The sigh of relief was almost audible in Government and official circles as word came on Tuesday that a proposed visit by Donald Trump in November has been postponed. After having their traditional August break interrupted by the need to plan and execute a safe and successful papal visit, the last thing Ireland’s top bureaucrats and securicrats needed was to have to do it all again for a unpopular US president.
Since the proposed visit had been hastily announced a week previously, efforts were afoot on the Irish side to confine Trump to the mid-west. The plans being worked on would have had Air Force One land at Shannon Airport, the US president staying at his own Doonbeg golf estate in county Clare. The idea was that Taoiseach Leo Varadkar would have travelled down to somewhere like Dromoland for a formal head of government meeting.
Steering the White House away from the notion of Trump visiting Dublin had become a priority in seeking to minimise the security operation and reduce both the financial and political costs of the visit.
It would also probably have avoided the need for the President to be involved in receiving Trump. Difficulties were likely to have arisen on that front anyhow because the visit was scheduled to take place just before or after the presidential inauguration which is fixed for November 11th.
Trump's decision to visit Ireland was shaped by his desire to court the Irish-American vote for his re-election
Apart from this effort to keep Dublin off the schedule, the Government would of course have extended all necessary and appropriate diplomatic welcomes to the US president. Although not liked by most people in Ireland, Trump is the democratically elected leader of our largest international ally. The United States is home to millions of people of Irish descent. The value of the trade relationship between our two counties is now at a value approaching one trillion dollars.
The fact that Ireland is still honoured every St Patrick’s Day with a special “Shamrock Ceremony” in the Oval Office, a party in the West Wing and a cross-party lunch on Capital Hill is extraordinary. These are incredible diplomatic and marketing opportunities for a small nation. They serve to enforce Ireland’s elevated prominence in the US diplomatic pecking order. It would have been rude of Leo Varadkar when he availed of these events last March not to have reciprocated by inviting Trump to visit Ireland.
Niall O’Dowd made the point here last Monday that Trump’s decision to visit Ireland was shaped by his desire to court the Irish-American vote for his re-election. It was ever thus. That is why John F Kennedy came in 1963, why President Bill Clinton visited several times as President and why Barack Obama like Ronald Regan before him was so anxious to acknowledge the Irish dimension to his roots.
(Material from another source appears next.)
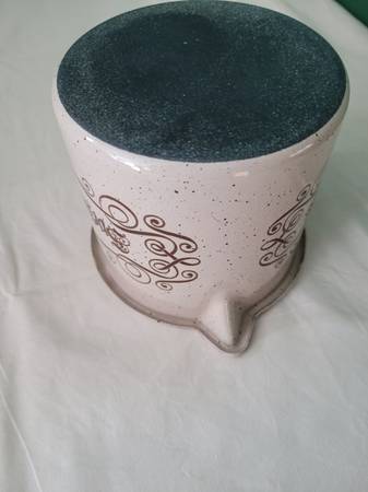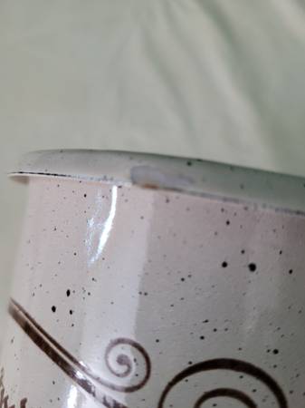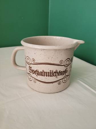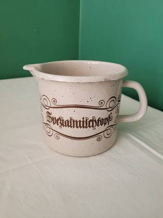 Enamel Gravy Boat, measures about 5 1/4" across x 4 1/2" tall, has minor nicks and discoloring see pictures. Used
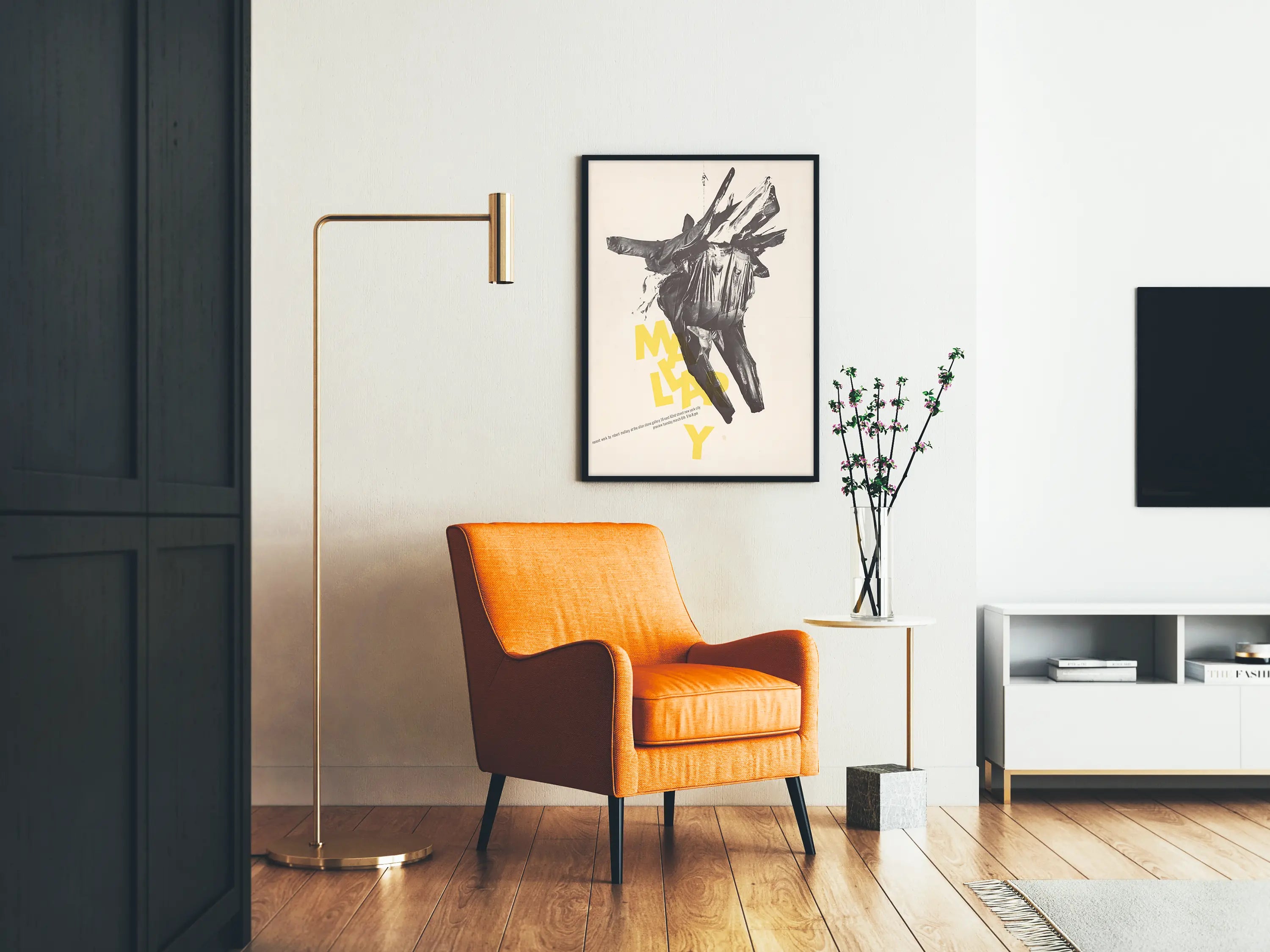 Ge en touch av samtida och originell konst till ditt hem med denna karakteristiska affisch signerad Robert Mallary. Denna väggdekoration visar en djärv komposition i svart och gult på en ljusbeige bakgrund, där en intensiv abstrakt form framträder, som påminner om en skulptur som blandar textila element och plastiska effekter. De gula gravyrerna som bildar ordet "MALLARY" tillför en känsla av dynamik och modernitet till verket, och skapar en elegant kontrast mot de mörka nyanserna i den centrala bilden. Denna poster är perfekt för konstälskare som vill berika sin väggdekoration med grafiska och karaktärsfulla verk. Dess minimalistiska stil och lek med skuggor och texturer passar utmärkt i moderna interiörer eller i utrymmen dedikerade till konst och kreativitet. Oavsett om det gäller ett vardagsrum, ett kontor eller en konstgalleri, erbjuder denna affisch en unik estetik som fångar blickar och skapar en sofistikerad och inspirerande atmosfär. Perfekt att rama in eller helt enkelt hänga upp, den passar harmoniskt i minimalistiska eller eklektiska miljöer och tillför djup och rörelse till dina väggar. Skapa dig ett konstverk som kombinerar enkelhet med visuell kraft för en originell samtida väggdekoration.

Each of these previous presidential visits are memorable for the large crowds who gathered at various public locations in Ireland to hear the US president speak.
We remain fond of the US but there is little to respect in either Trump's policies or personality
The only reason large crowds would have gathered in response to the Trump visit is to protest. There is every likelihood, that even if Trump himself had been confined to the mid-west there would have been very large rallies protesting against him and against his policies in the capital and in other cities. It is difficult, of course, to assess how large these protests would have been but the size of the crowds against Trump would have been at least as large as the crowds who gathered in Dublin to welcome Obama in May 2011.
One observer recently returned after a long spell out of Ireland wondered to me this week why the Irish care so much about the US presidency one way or the other. He accepted that inevitably as the leader of the world’s largest western democracy the occupant of the White House enjoys the highest-profile internationally, and Trump’s profile is even larger again but in Ireland he felt the prominence of the US president in our thoughts was disproportionate.
The only explanation I could posit was that since the early 1960s the Irish have had an at-times surreally warm relationship with the US presidency, at least when occupied by a Democrat. The commemoration of Kennedy’s visit endures in New Ross and elsewhere 55 years later; the Clinton visits are still warmly recalled in Derry and other places not least because of his significant contribution to the peace process. The Obama link is also marked in Moneygall albeit most prominently and tackily by naming a motorway service station after him.
On many occasions since the 1960s, the Irish have been able to point to the US president as someone their children should admire and respect. That sense was recharged during the Obama presidency. We cannot do that with Donald Trump in the office. We remain fond of the US but there is little to respect in either Trump’s policies or personality.